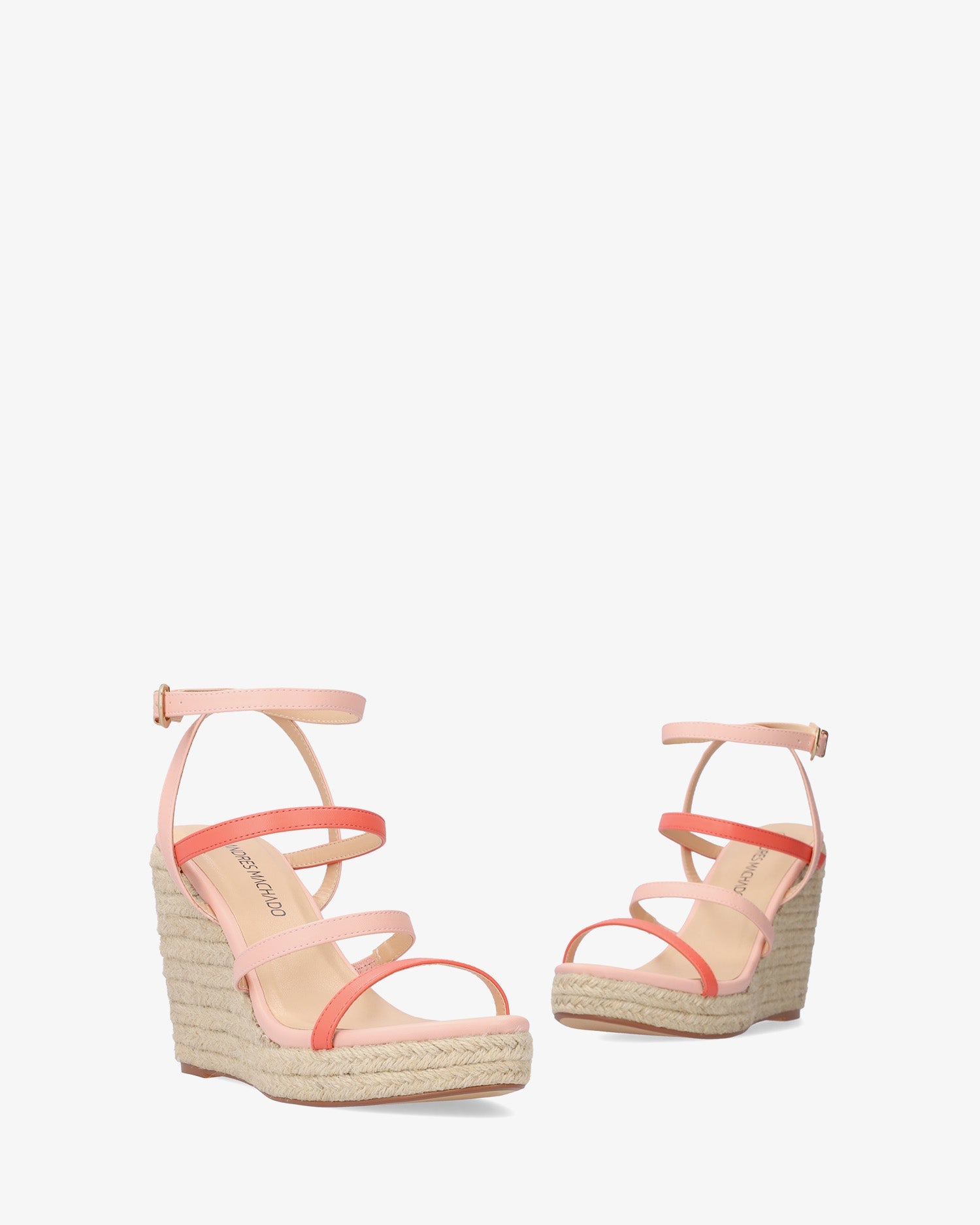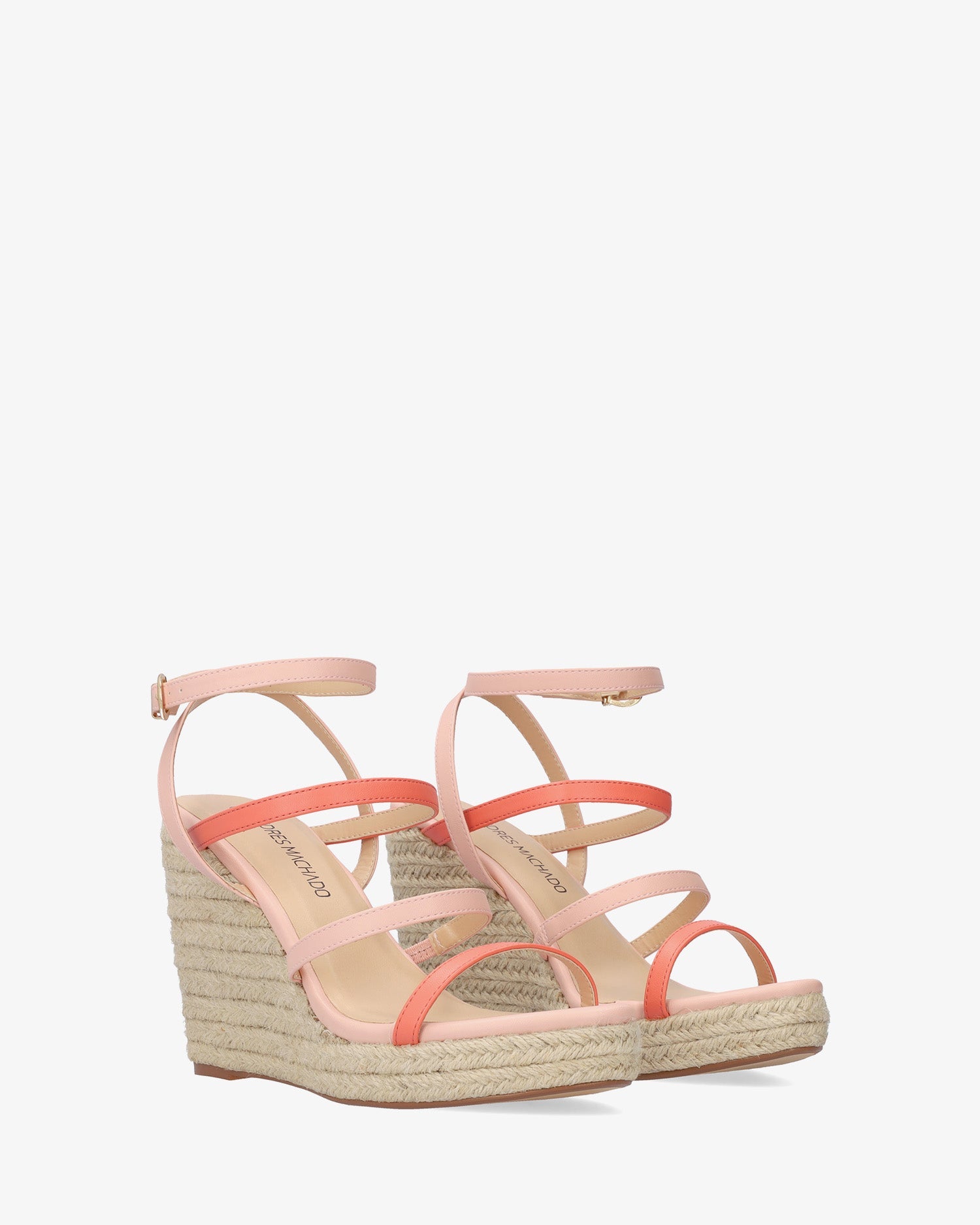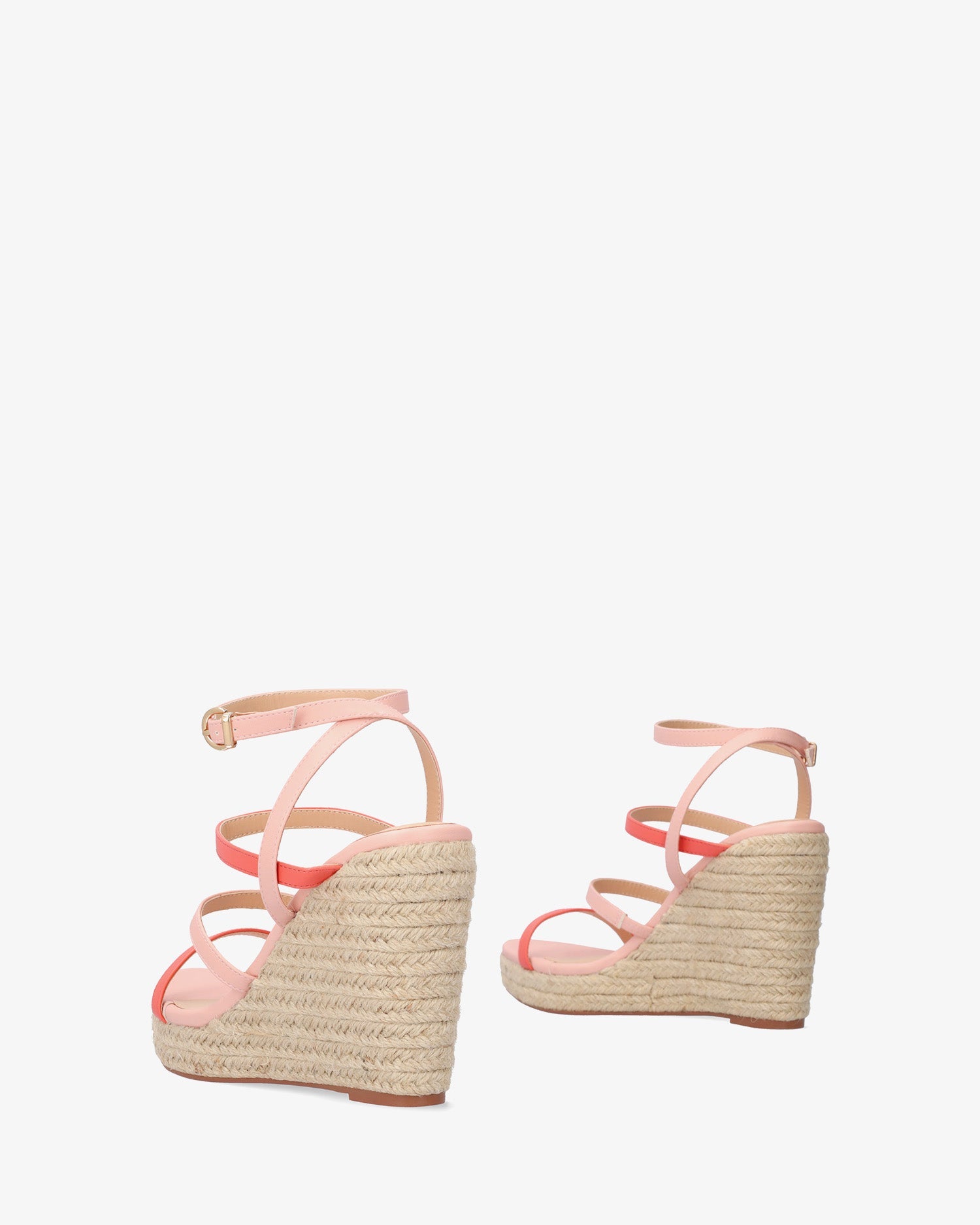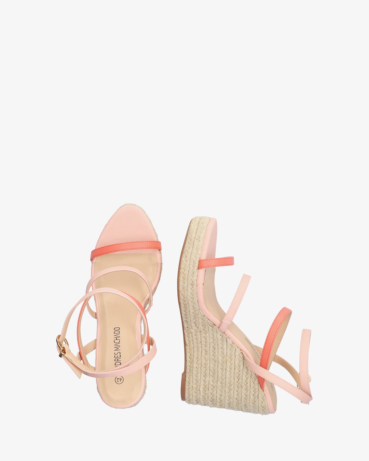 Sandalias en soft de color Salmón con cuña. Diseño destalonado con 3 tiras finas en parte delantera y empeine de color salmón y maquillaje. Cierre de hebilla con pulsera al tono en el tobillo. Puntera abierta. Cuñas y plataforma delantera en yute. Cuña de 10,5 cm y plataforma de 2,5 cm para las tallas pequeñas de la 32 a la 35. Cuña de 11,5 cm y plataforma de 3 cm para las tallas grandes de la 42 a la 45.
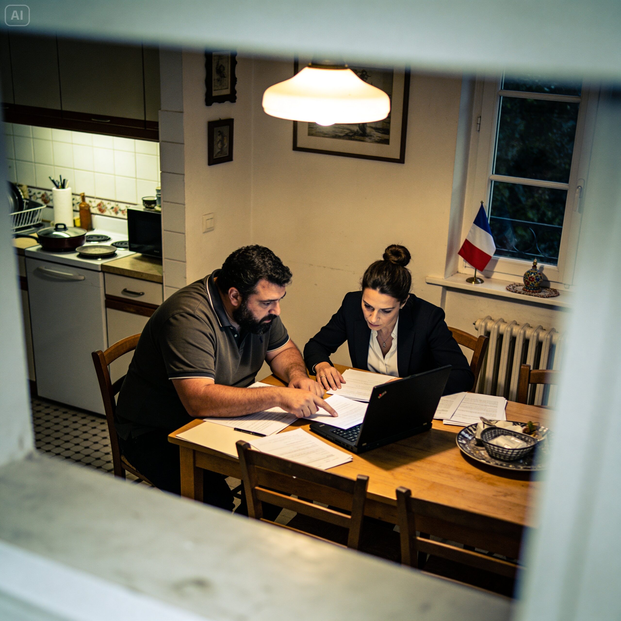 Ils se sont assis à ma table de salle à manger. Depuis l’angle de la caméra de la cuisine, je pouvais voir la table, mais pas lire clairement les documents. Je voyais qu’ils examinaient des papiers ensemble. Elle avait une feuille de calcul ouverte sur son ordinateur portable. Il pointait quelque chose sur une feuille de papier. Ça ressemblait à une réunion, une réunion de travail dans ma salle à manger.
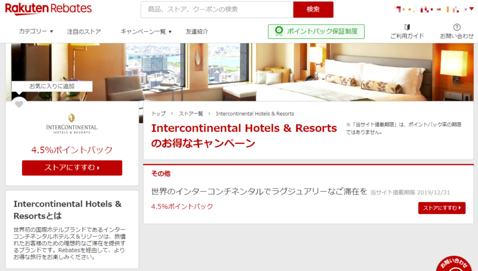 IHG系ホテルに泊まるとき、キャッシュバックサイトを経由すると、最大10%を還元してもらえます。要は10%値引きとほとんど同じ。
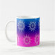 Star pattern in off-set tiled pattern. Dark blue horizontal stripe on top and pink on bottom. Star pattern is a 10% opacity and showing a lighter shade if the colour beneath. The design colours may be adjusted by moving the background image up or down, to choose the colours you like. (2 other colour examples are already available.)
----
*What you should do*
Pictures aside, the material must be written out word for word.

*Exercise solution*
 Sandalias en soft de color Salmón con cuña. Diseño destalonado con 3 tiras finas en parte delantera y empeine de color salmón y maquillaje. Cierre de hebilla con pulsera al tono en el tobillo. Puntera abierta. Cuñas y plataforma delantera en yute. Cuña de 10,5 cm y plataforma de 2,5 cm para las tallas pequeñas de la 32 a la 35. Cuña de 11,5 cm y plataforma de 3 cm para las tallas grandes de la 42 a la 45.
 Ils se sont assis à ma table de salle à manger. Depuis l’angle de la caméra de la cuisine, je pouvais voir la table, mais pas lire clairement les documents. Je voyais qu’ils examinaient des papiers ensemble. Elle avait une feuille de calcul ouverte sur son ordinateur portable. Il pointait quelque chose sur une feuille de papier. Ça ressemblait à une réunion, une réunion de travail dans ma salle à manger.
 IHG系ホテルに泊まるとき、キャッシュバックサイトを経由すると、最大10%を還元してもらえます。要は10%値引きとほとんど同じ。
 Star pattern in off-set tiled pattern. Dark blue horizontal stripe on top and pink on bottom. Star pattern is a 10% opacity and showing a lighter shade if the colour beneath. The design colours may be adjusted by moving the background image up or down, to choose the colours you like. (2 other colour examples are already available.)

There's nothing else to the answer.